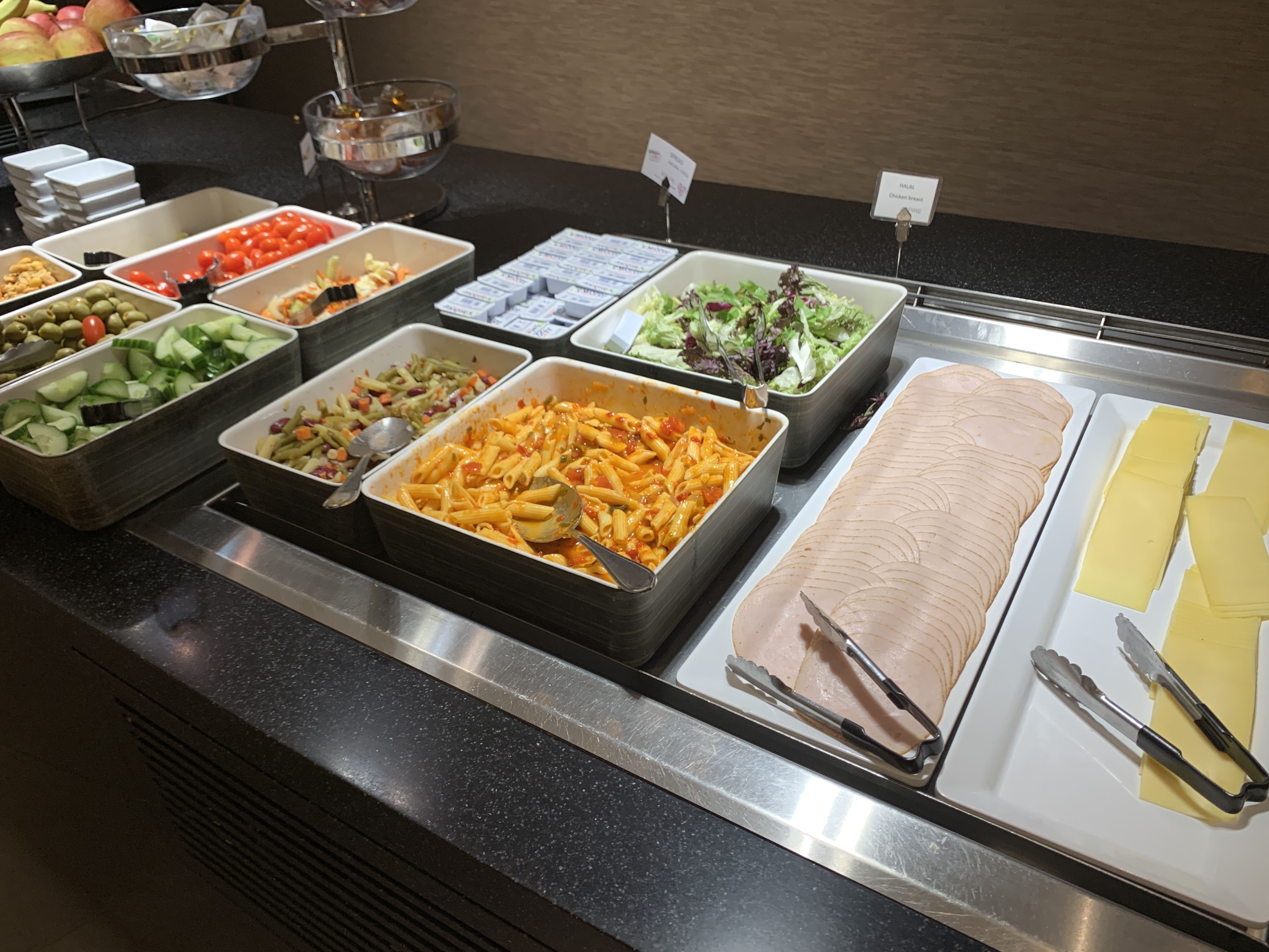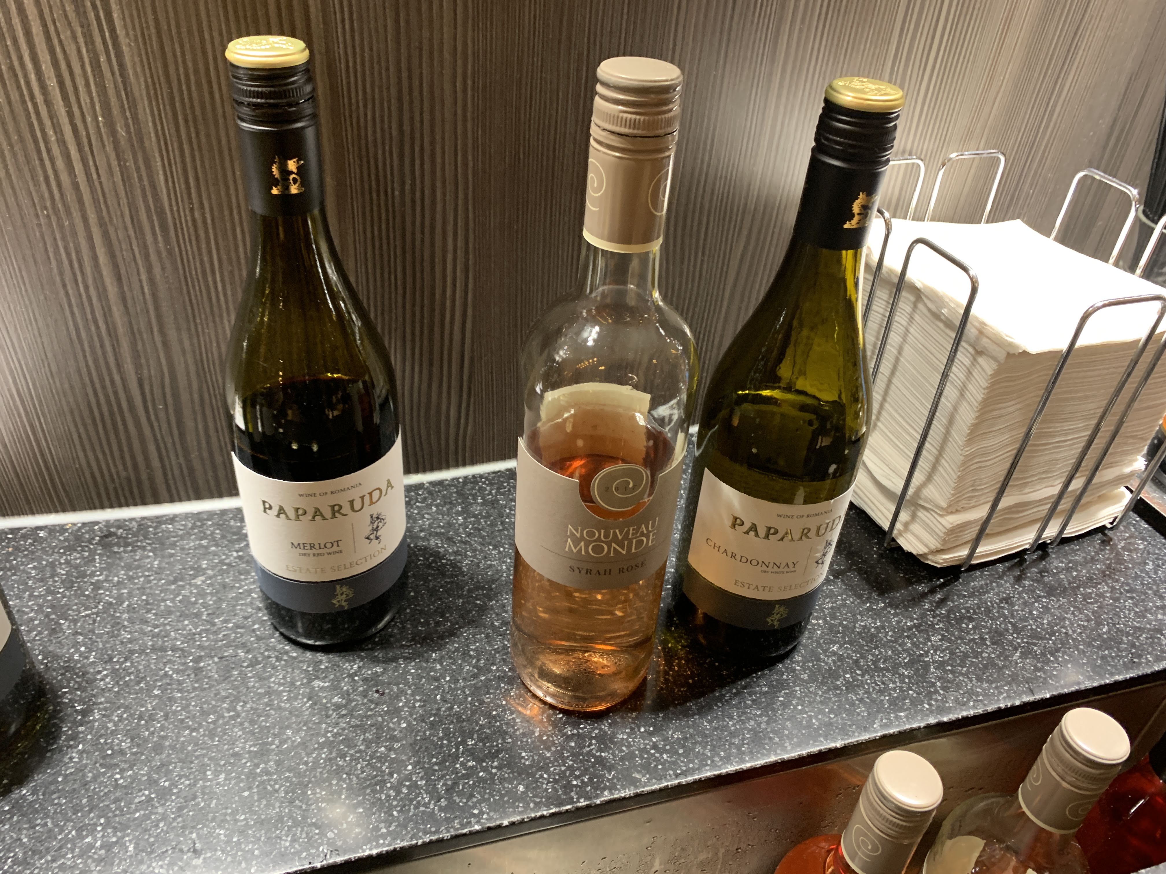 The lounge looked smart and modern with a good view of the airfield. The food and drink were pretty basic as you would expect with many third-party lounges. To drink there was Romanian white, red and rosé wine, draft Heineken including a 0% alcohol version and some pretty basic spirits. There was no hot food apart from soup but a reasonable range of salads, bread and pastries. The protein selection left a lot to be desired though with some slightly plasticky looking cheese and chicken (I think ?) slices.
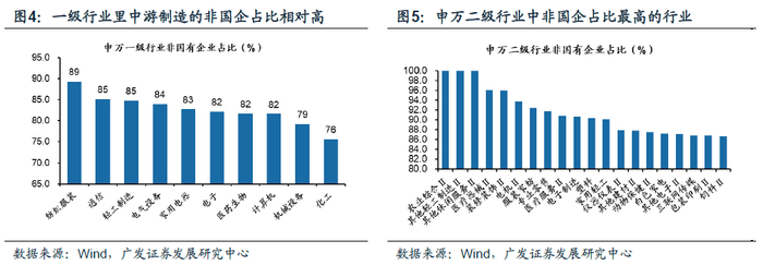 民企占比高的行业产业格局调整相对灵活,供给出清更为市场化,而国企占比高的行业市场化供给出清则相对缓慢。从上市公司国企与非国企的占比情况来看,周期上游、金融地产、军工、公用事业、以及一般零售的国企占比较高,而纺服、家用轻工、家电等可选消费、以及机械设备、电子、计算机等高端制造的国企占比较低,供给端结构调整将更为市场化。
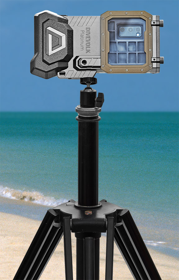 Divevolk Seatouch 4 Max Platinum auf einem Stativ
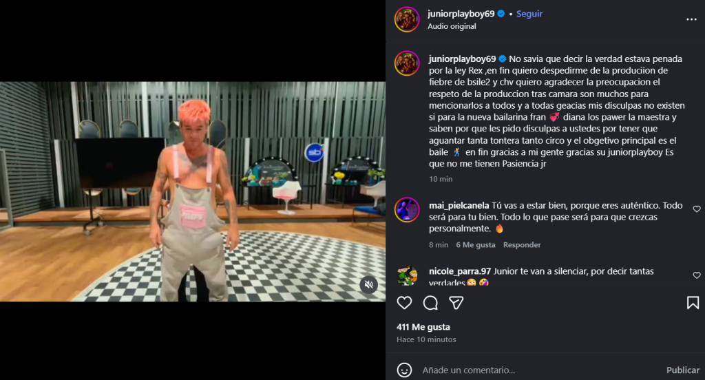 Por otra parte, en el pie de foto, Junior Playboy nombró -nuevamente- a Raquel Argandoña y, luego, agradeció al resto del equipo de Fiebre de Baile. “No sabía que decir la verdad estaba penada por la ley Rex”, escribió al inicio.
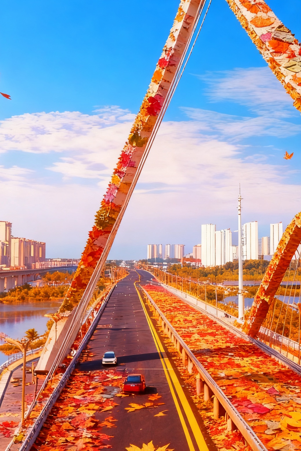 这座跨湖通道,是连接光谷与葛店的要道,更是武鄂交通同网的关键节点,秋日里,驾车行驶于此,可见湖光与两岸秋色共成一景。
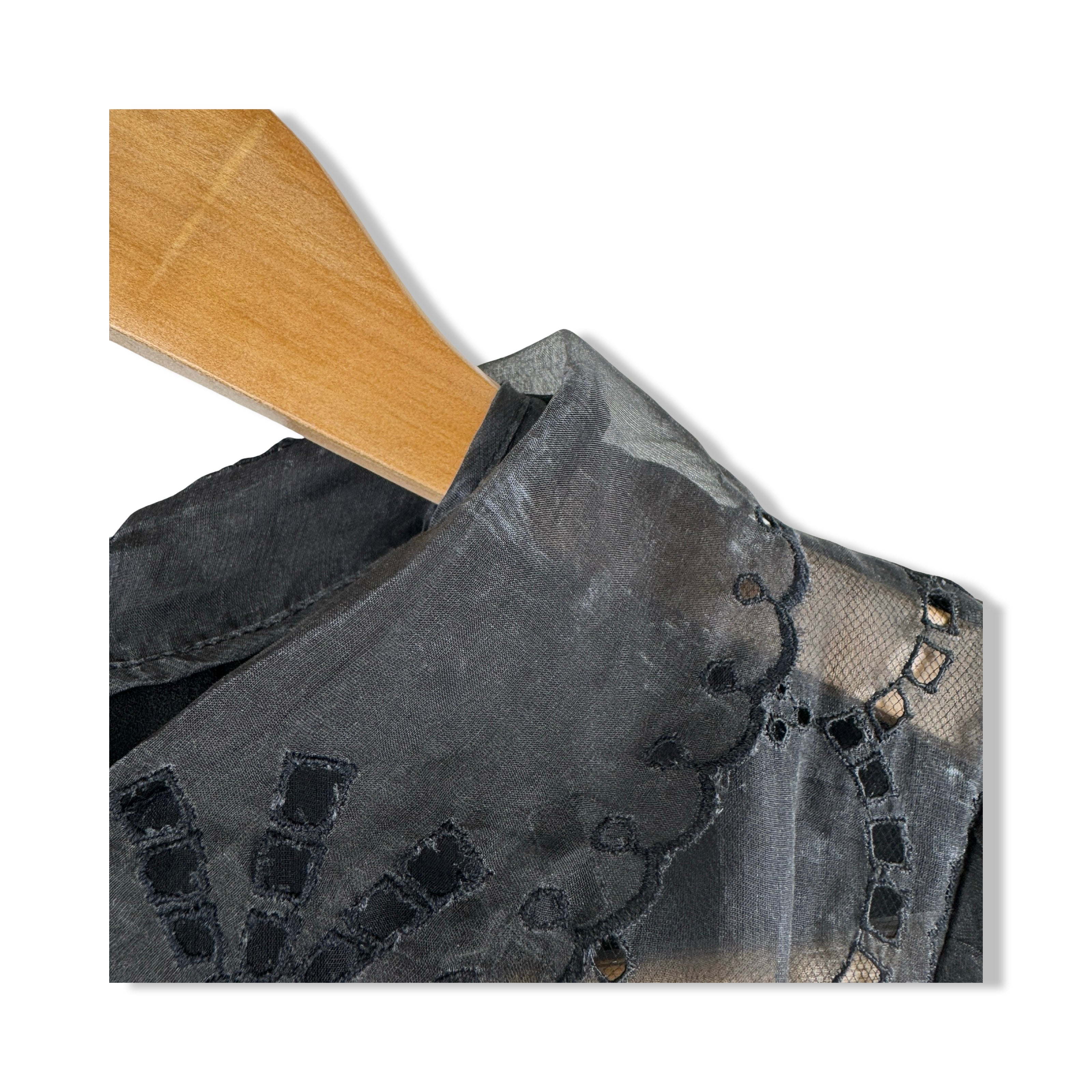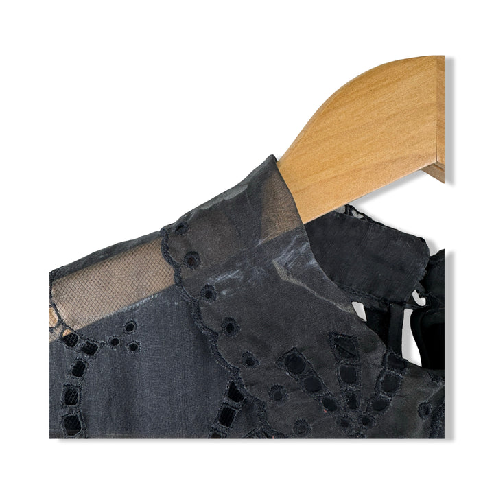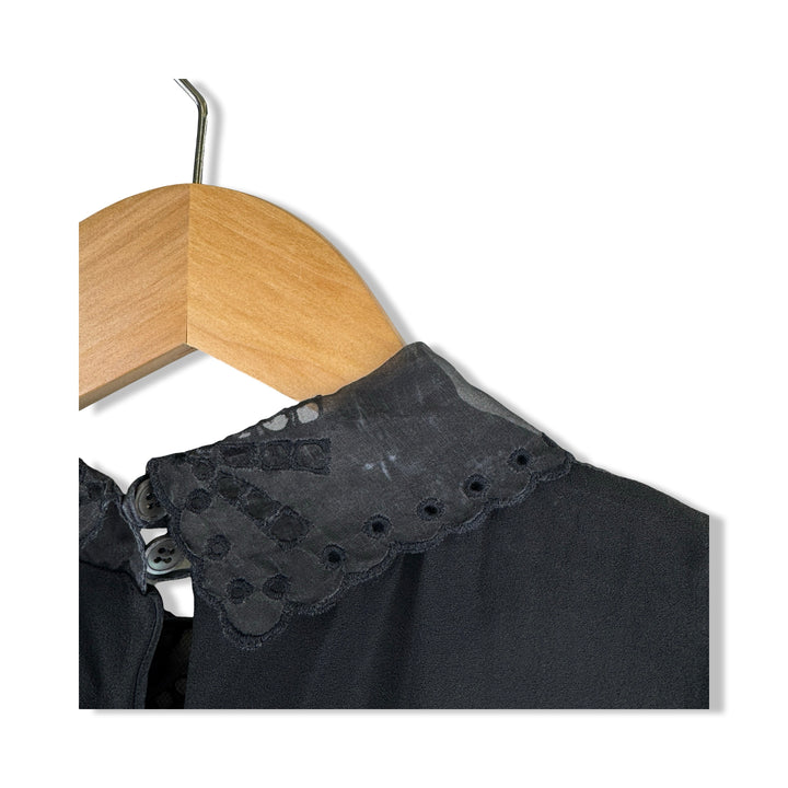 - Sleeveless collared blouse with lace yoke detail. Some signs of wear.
::::
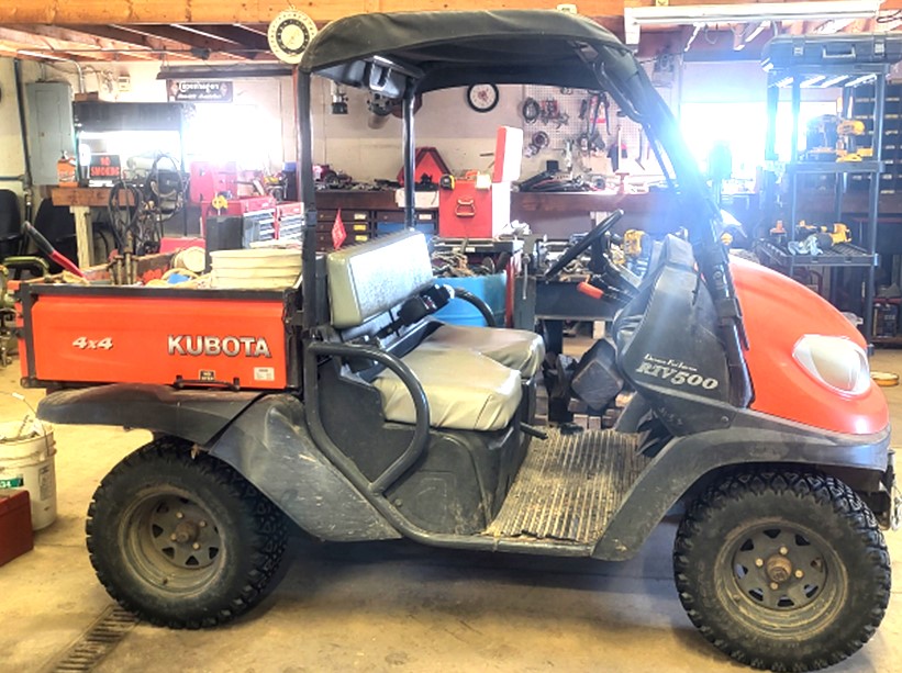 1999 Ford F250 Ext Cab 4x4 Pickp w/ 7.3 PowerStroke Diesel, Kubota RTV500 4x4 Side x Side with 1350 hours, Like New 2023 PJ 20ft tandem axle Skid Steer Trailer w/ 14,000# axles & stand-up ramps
::::
YOUR ASSIGNMENT ->
Your output should be the lines above from the one that contains "Por otra parte, en" through the one that contains "- Sleeveless collared", word for word, with pictures left out.

RESPONSE ->
 Por otra parte, en el pie de foto, Junior Playboy nombró -nuevamente- a Raquel Argandoña y, luego, agradeció al resto del equipo de Fiebre de Baile. “No sabía que decir la verdad estaba penada por la ley Rex”, escribió al inicio.
 这座跨湖通道,是连接光谷与葛店的要道,更是武鄂交通同网的关键节点,秋日里,驾车行驶于此,可见湖光与两岸秋色共成一景。
 - Sleeveless collared blouse with lace yoke detail. Some signs of wear.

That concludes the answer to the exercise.